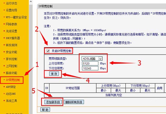 2、设置限速:点击“IP宽带控制”---->勾选“开启IP宽带控制”---->在“宽带线路类型”后面选择你的上网方式---->在“上行总带宽”填写:5120——>“ 下行总带宽”填写10240---->然后点击“保存”---->点击“添加新条目”。
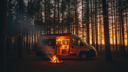 A camper van sits near a small campfire in a forest during twilight. The vehicle's door is open, revealing a warm, inviting interior. The scene features tall trees, soft lighting, and an overall sense of tranquility. Suitable for travel, lifestyle, and outdoor recreation concepts.
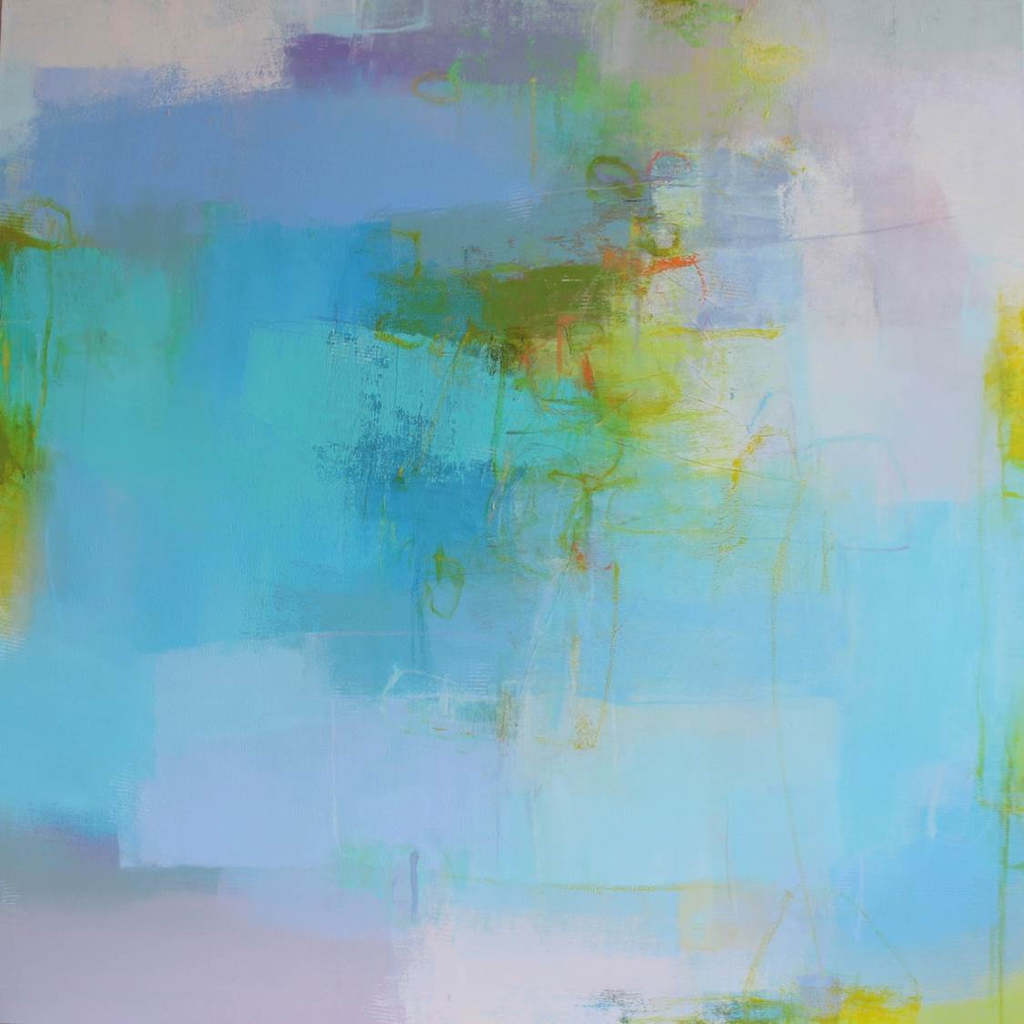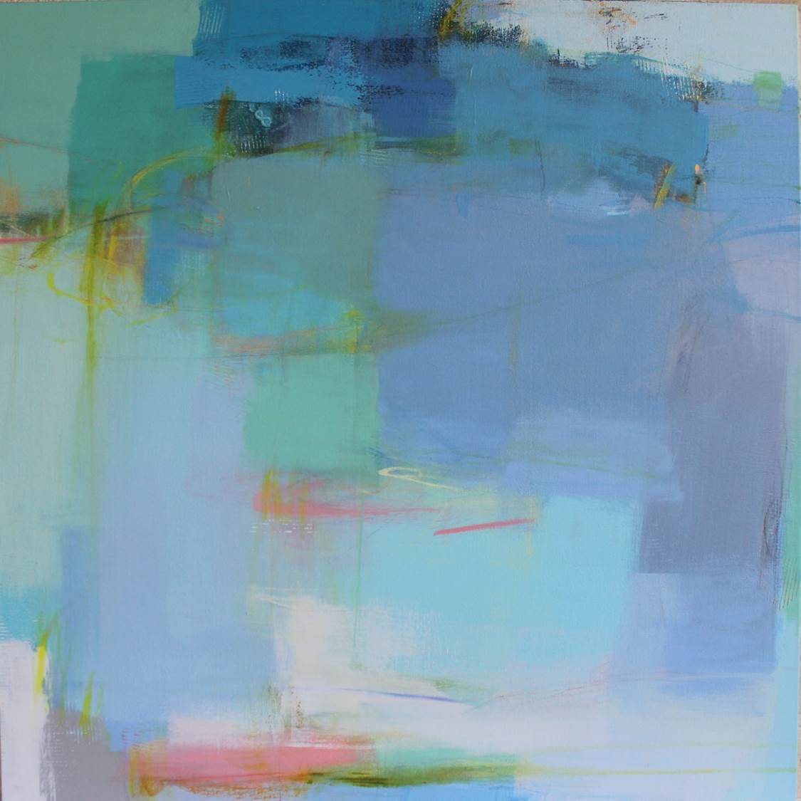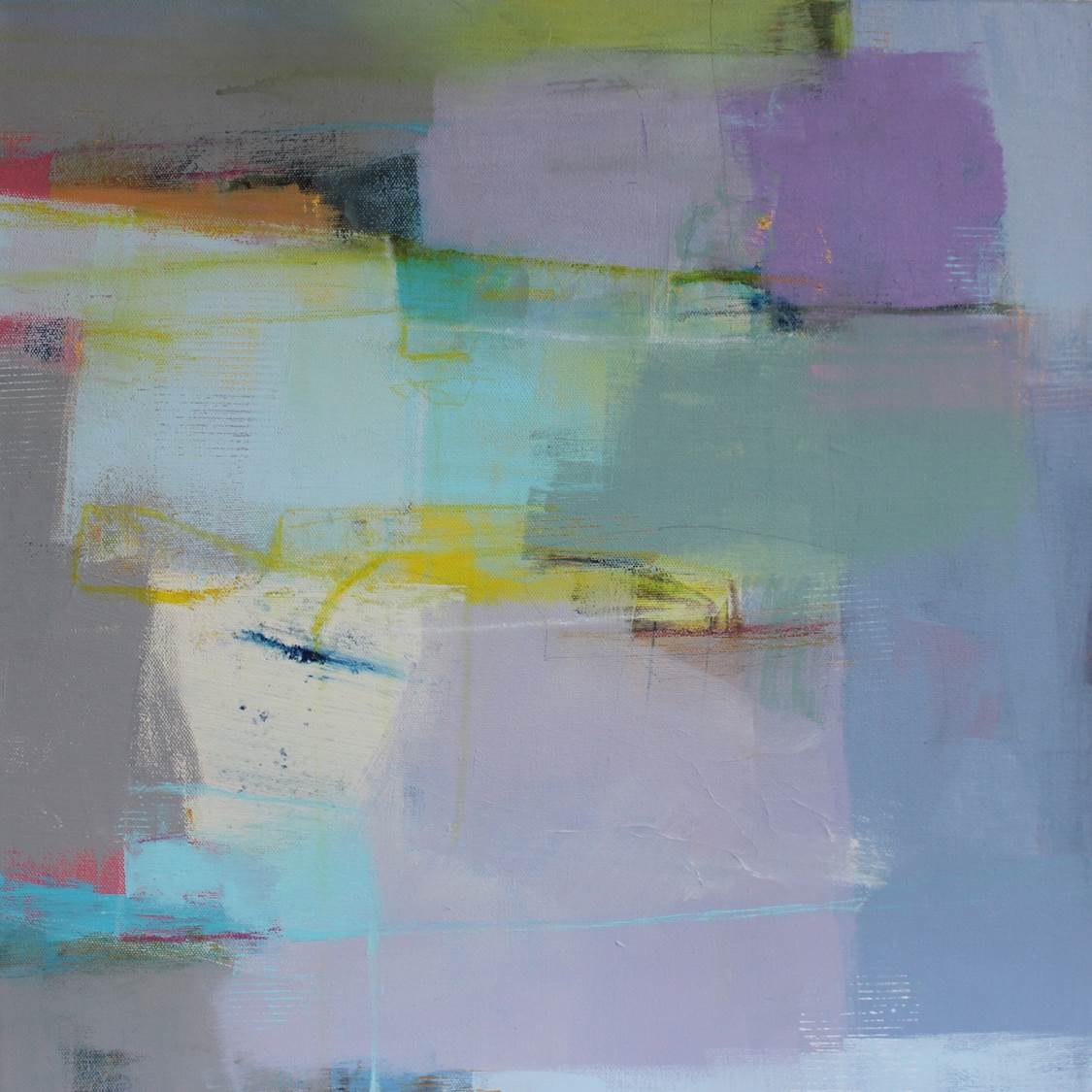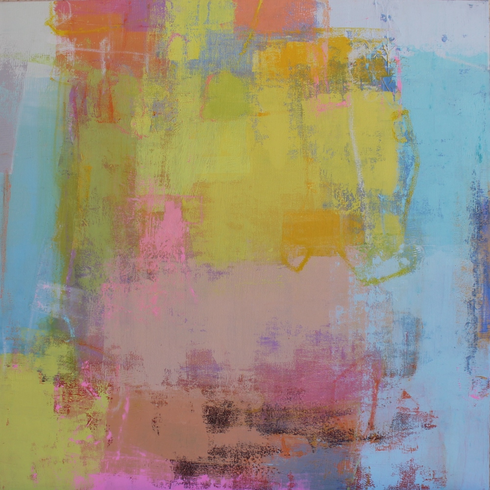 I have been creative for as long as I can remember. As a child making things with my hands gave me the most satisfaction. That inner creative voice stayed with me through many jobs and it was my husband who encouraged me to pursue my passion. I resumed painting and studied with many nationally recognized artists to learn new skills. Through much exploration I fell in love with abstraction and the many challenges it brings to the easel. There is no planning to my painting or even an idea to what the finished painting will be. I react to the initial marks or washes and let the painting guide me to its final completion. My intense love of color combined with shape, line and the addition of collage strike a balance and create a unique dialogue. Painting requires practice and discipline. An artist is faced with many hours honing your craft and the inevitable rejections along the way. My advice is to use those rejections as a driving force to move forward and create more art. Do whatever you need to do to create the art you were meant to create. Don’t be afraid to step outside of the box and put your work out there for the world to see.
☆ ☆ ☆ ☆ ☆ ☆ ☆
Work request - Print only the lines from the first line of the data above through the one containing "A camper van", exactly as they are, with pictures omitted.

Exercise output -
 2、设置限速:点击“IP宽带控制”---->勾选“开启IP宽带控制”---->在“宽带线路类型”后面选择你的上网方式---->在“上行总带宽”填写:5120——>“ 下行总带宽”填写10240---->然后点击“保存”---->点击“添加新条目”。
 A camper van sits near a small campfire in a forest during twilight. The vehicle's door is open, revealing a warm, inviting interior. The scene features tall trees, soft lighting, and an overall sense of tranquility. Suitable for travel, lifestyle, and outdoor recreation concepts.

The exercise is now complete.